What is required
A verbatim repetition of the data below is requested, without images.

Dataset content
++++++++
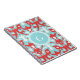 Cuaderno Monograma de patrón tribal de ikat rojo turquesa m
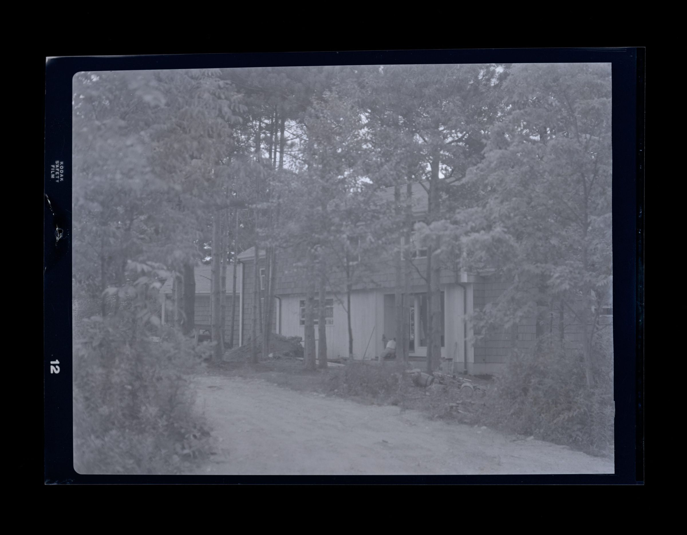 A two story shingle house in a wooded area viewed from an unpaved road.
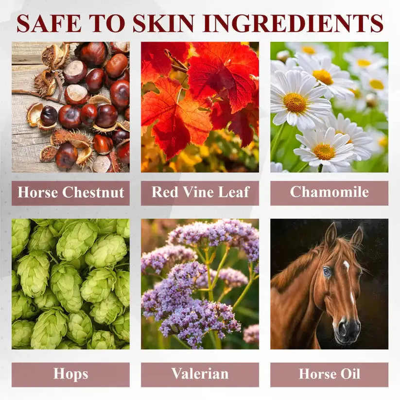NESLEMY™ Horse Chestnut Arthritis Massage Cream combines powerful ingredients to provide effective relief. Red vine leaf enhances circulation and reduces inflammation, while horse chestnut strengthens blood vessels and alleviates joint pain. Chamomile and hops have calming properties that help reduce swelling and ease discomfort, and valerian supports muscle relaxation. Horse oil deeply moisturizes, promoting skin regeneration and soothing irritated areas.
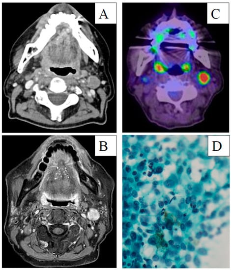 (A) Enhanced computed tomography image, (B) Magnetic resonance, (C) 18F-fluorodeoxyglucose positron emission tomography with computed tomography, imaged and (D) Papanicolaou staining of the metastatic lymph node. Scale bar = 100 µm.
++++++++
Exercise result
 Cuaderno Monograma de patrón tribal de ikat rojo turquesa m
 A two story shingle house in a wooded area viewed from an unpaved road.
NESLEMY™ Horse Chestnut Arthritis Massage Cream combines powerful ingredients to provide effective relief. Red vine leaf enhances circulation and reduces inflammation, while horse chestnut strengthens blood vessels and alleviates joint pain. Chamomile and hops have calming properties that help reduce swelling and ease discomfort, and valerian supports muscle relaxation. Horse oil deeply moisturizes, promoting skin regeneration and soothing irritated areas.
 (A) Enhanced computed tomography image, (B) Magnetic resonance, (C) 18F-fluorodeoxyglucose positron emission tomography with computed tomography, imaged and (D) Papanicolaou staining of the metastatic lymph node. Scale bar = 100 µm.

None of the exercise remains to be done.